EXERCISE OBJECTIVE | Your reply must hold the lines from the one containing "图一。面具训练任务以及面具训" to the end of the entries, copied exactly, with pictures excluded.

Data items
------------------------
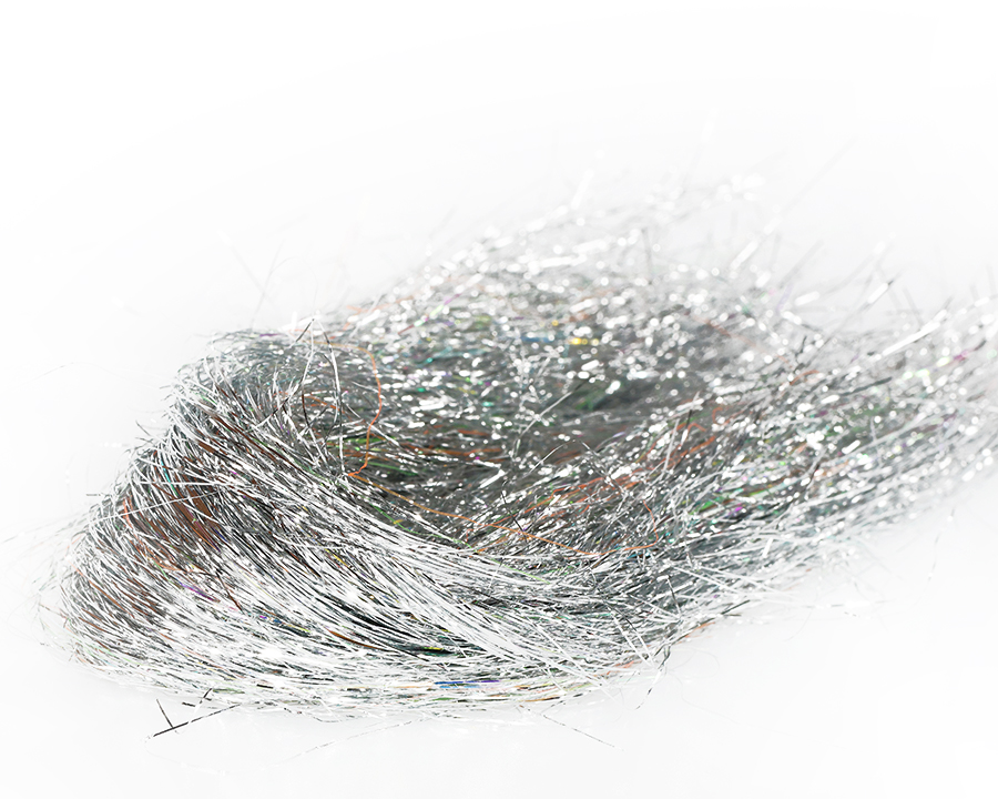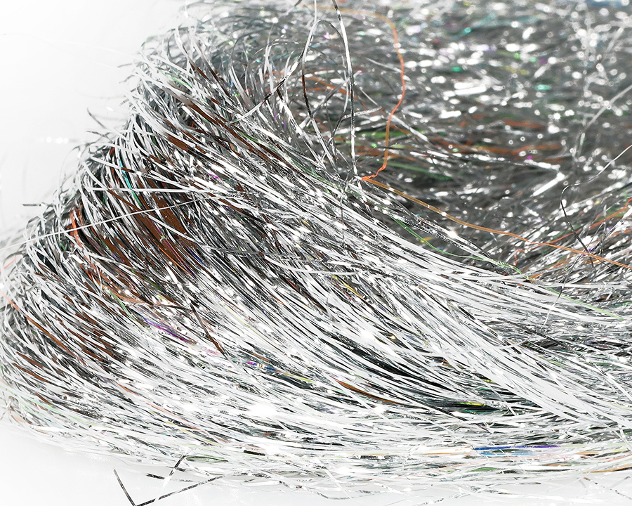 A blend of fine metallic, pearl, UVR and Mirage fibers is an extremely soft and mobile shimmering hairs with a highly pulsating action, designed for tying pike streamers and saltwater flies. Each color consists of many shades and usually about 1/8 of the fiber reflects UV light. A generous 3 gram pack!
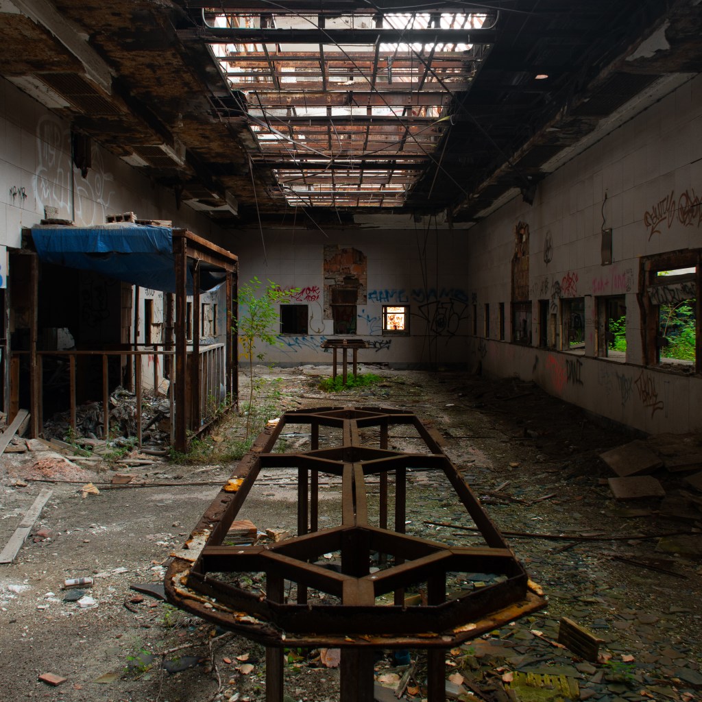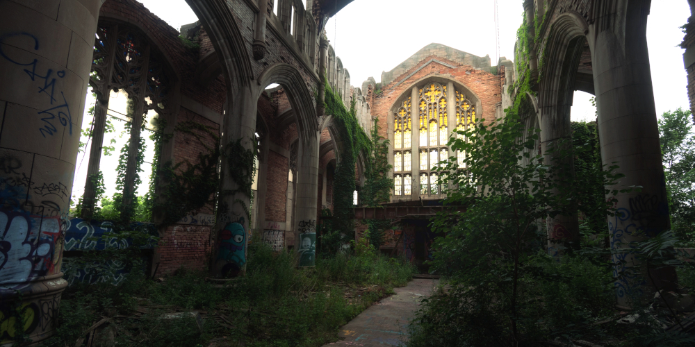 My friend Holly was in town with her husband, and we met up for an urbex day. We started on an abandoned stretch of route 66 (featured in the last post), then spent the rest of the day shooting in Gary. Our first step was the famous First Methodist Church downtown. Here’s a shot of the nave with most of the roof now gone.
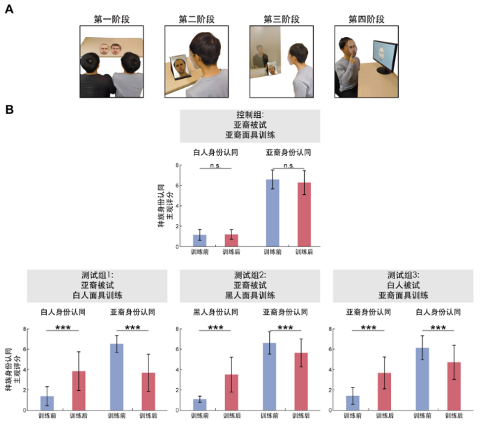 图一。面具训练任务以及面具训练任务前后对自身种族身份的主观评分。(A)两名志愿者同时佩戴他族面具(第一阶段),通过镜子观察该面孔并感受视觉-运动的同步刺激(第二阶段)。在观察另外一位同伴的新面孔后(第三阶段),完成视觉-运动-触觉同步刺激的自我指向任务(第四阶段)。(B)亚裔和白人受试者在面具训练任务后自我报告种族身份向他族转移。
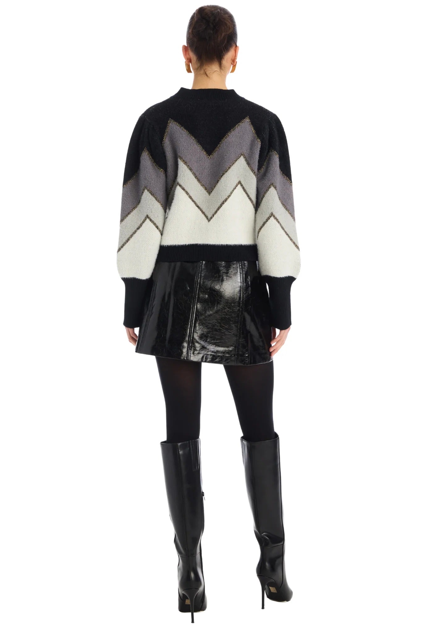 The Fuzzy Chevron Cardigan is a monochrom cozy dream adorned with gold buttons. Slightly cropped in length and designed with a billowing sleeve leading into an elongated ribbed cuff. A hint of metallic throughout makes this sweater perfect to dress up.
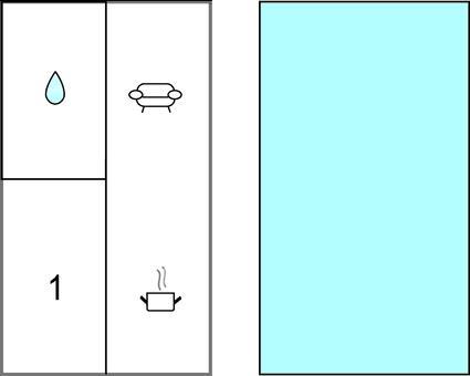 Badezimmer (nr. 1) - WC. Warmes und kaltes Wasser. Dusche
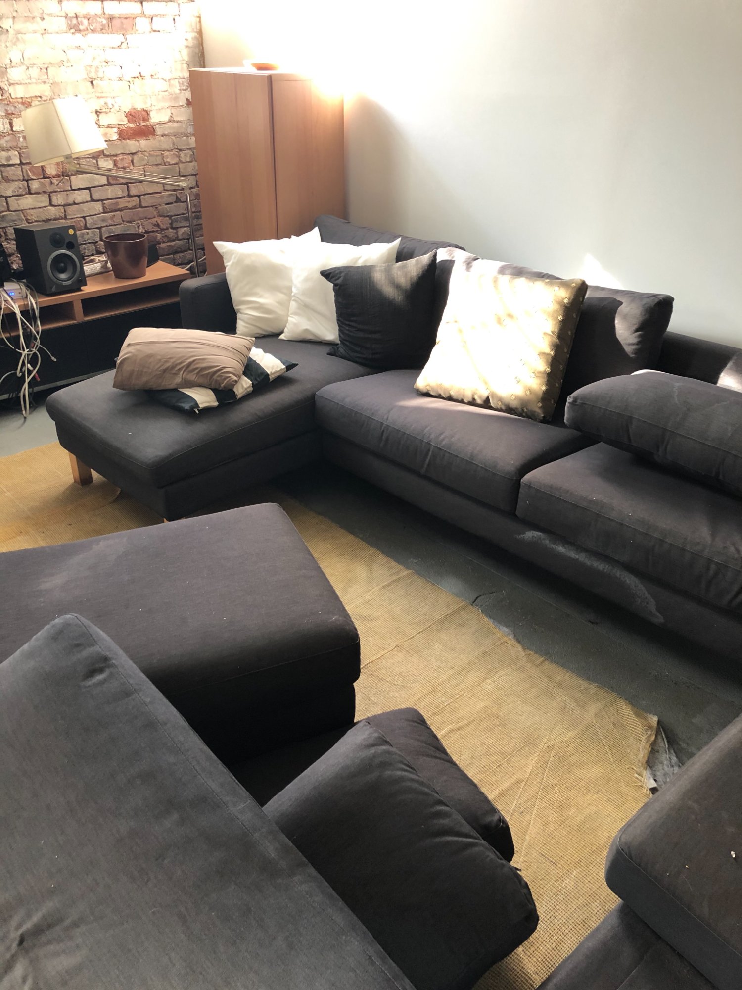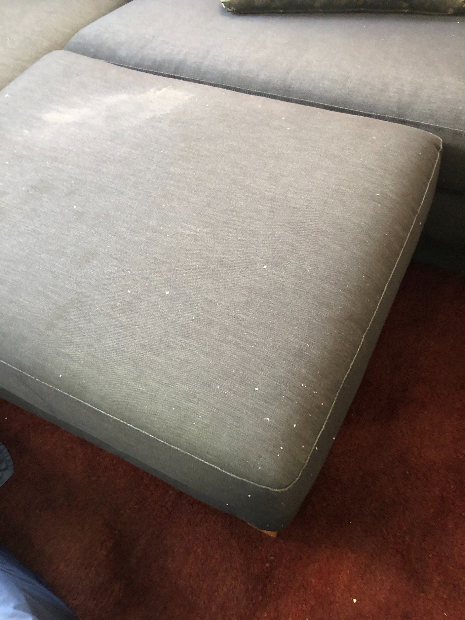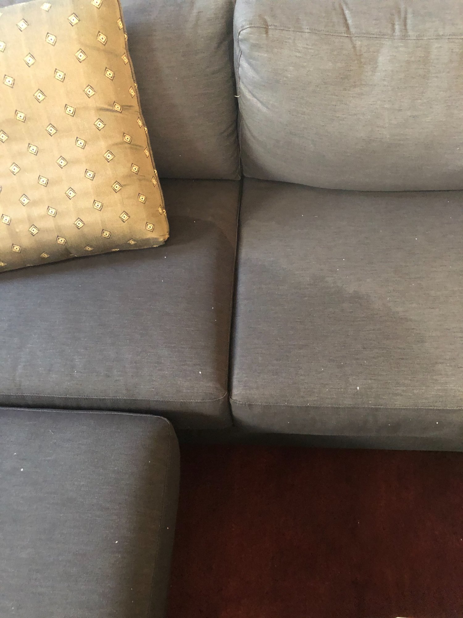 | 022 | Gray sectional couch close-up with decorative pillow; white debris/particles visible on fabric; burgundy rug beneath | View | FLOOD_97GreenStG21_022_Sectional_CloseUp_FabricDebris.jpeg | IMG_4192.jpeg | October 2019 (Attorney Sherman) | GOOD | MEDIUM |
------------------------
SOLUTION TO THE EXERCISE |
 图一。面具训练任务以及面具训练任务前后对自身种族身份的主观评分。(A)两名志愿者同时佩戴他族面具(第一阶段),通过镜子观察该面孔并感受视觉-运动的同步刺激(第二阶段)。在观察另外一位同伴的新面孔后(第三阶段),完成视觉-运动-触觉同步刺激的自我指向任务(第四阶段)。(B)亚裔和白人受试者在面具训练任务后自我报告种族身份向他族转移。
 The Fuzzy Chevron Cardigan is a monochrom cozy dream adorned with gold buttons. Slightly cropped in length and designed with a billowing sleeve leading into an elongated ribbed cuff. A hint of metallic throughout makes this sweater perfect to dress up.
 Badezimmer (nr. 1) - WC. Warmes und kaltes Wasser. Dusche
 | 022 | Gray sectional couch close-up with decorative pillow; white debris/particles visible on fabric; burgundy rug beneath | View | FLOOD_97GreenStG21_022_Sectional_CloseUp_FabricDebris.jpeg | IMG_4192.jpeg | October 2019 (Attorney Sherman) | GOOD | MEDIUM |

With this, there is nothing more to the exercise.